**Activity:** Your task is to extract every line from the material below exactly.

Top of The data

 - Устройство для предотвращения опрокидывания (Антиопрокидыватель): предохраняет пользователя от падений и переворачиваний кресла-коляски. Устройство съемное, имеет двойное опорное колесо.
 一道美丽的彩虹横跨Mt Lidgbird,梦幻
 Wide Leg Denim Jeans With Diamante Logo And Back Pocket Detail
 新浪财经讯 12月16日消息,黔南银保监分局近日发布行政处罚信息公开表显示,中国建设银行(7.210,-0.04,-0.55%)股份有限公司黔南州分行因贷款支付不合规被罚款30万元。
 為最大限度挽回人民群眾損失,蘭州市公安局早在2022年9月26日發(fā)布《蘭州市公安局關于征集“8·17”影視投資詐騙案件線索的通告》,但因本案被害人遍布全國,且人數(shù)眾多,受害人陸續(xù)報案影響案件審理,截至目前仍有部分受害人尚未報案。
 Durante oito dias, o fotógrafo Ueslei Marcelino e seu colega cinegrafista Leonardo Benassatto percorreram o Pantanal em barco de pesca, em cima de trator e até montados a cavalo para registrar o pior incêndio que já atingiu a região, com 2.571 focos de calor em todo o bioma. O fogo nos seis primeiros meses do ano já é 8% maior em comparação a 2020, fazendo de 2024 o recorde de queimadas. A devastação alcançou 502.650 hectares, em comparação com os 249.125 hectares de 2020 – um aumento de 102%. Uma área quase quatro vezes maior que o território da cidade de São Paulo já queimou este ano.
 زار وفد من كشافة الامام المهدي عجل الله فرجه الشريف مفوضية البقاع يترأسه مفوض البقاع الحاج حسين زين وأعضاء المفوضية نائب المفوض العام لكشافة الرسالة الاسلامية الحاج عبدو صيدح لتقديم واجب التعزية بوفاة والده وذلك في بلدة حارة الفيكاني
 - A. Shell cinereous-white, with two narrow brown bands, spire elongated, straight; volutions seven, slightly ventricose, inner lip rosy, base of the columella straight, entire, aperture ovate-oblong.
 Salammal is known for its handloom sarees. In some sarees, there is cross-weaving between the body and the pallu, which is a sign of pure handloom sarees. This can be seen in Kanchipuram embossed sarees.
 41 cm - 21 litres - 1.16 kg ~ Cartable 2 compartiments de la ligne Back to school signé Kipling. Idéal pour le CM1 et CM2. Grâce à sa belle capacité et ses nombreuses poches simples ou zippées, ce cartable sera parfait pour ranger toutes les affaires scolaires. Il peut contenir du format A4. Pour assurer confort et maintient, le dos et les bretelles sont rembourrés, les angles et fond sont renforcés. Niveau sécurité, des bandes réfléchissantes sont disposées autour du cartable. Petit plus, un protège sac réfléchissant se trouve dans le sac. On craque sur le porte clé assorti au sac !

Bottom of The data

**Solved exercise:**
 - Устройство для предотвращения опрокидывания (Антиопрокидыватель): предохраняет пользователя от падений и переворачиваний кресла-коляски. Устройство съемное, имеет двойное опорное колесо.
 一道美丽的彩虹横跨Mt Lidgbird,梦幻
 Wide Leg Denim Jeans With Diamante Logo And Back Pocket Detail
 新浪财经讯 12月16日消息,黔南银保监分局近日发布行政处罚信息公开表显示,中国建设银行(7.210,-0.04,-0.55%)股份有限公司黔南州分行因贷款支付不合规被罚款30万元。
 為最大限度挽回人民群眾損失,蘭州市公安局早在2022年9月26日發(fā)布《蘭州市公安局關于征集“8·17”影視投資詐騙案件線索的通告》,但因本案被害人遍布全國,且人數(shù)眾多,受害人陸續(xù)報案影響案件審理,截至目前仍有部分受害人尚未報案。
 Durante oito dias, o fotógrafo Ueslei Marcelino e seu colega cinegrafista Leonardo Benassatto percorreram o Pantanal em barco de pesca, em cima de trator e até montados a cavalo para registrar o pior incêndio que já atingiu a região, com 2.571 focos de calor em todo o bioma. O fogo nos seis primeiros meses do ano já é 8% maior em comparação a 2020, fazendo de 2024 o recorde de queimadas. A devastação alcançou 502.650 hectares, em comparação com os 249.125 hectares de 2020 – um aumento de 102%. Uma área quase quatro vezes maior que o território da cidade de São Paulo já queimou este ano.
 زار وفد من كشافة الامام المهدي عجل الله فرجه الشريف مفوضية البقاع يترأسه مفوض البقاع الحاج حسين زين وأعضاء المفوضية نائب المفوض العام لكشافة الرسالة الاسلامية الحاج عبدو صيدح لتقديم واجب التعزية بوفاة والده وذلك في بلدة حارة الفيكاني
 - A. Shell cinereous-white, with two narrow brown bands, spire elongated, straight; volutions seven, slightly ventricose, inner lip rosy, base of the columella straight, entire, aperture ovate-oblong.
 Salammal is known for its handloom sarees. In some sarees, there is cross-weaving between the body and the pallu, which is a sign of pure handloom sarees. This can be seen in Kanchipuram embossed sarees.
 41 cm - 21 litres - 1.16 kg ~ Cartable 2 compartiments de la ligne Back to school signé Kipling. Idéal pour le CM1 et CM2. Grâce à sa belle capacité et ses nombreuses poches simples ou zippées, ce cartable sera parfait pour ranger toutes les affaires scolaires. Il peut contenir du format A4. Pour assurer confort et maintient, le dos et les bretelles sont rembourrés, les angles et fond sont renforcés. Niveau sécurité, des bandes réfléchissantes sont disposées autour du cartable. Petit plus, un protège sac réfléchissant se trouve dans le sac. On craque sur le porte clé assorti au sac !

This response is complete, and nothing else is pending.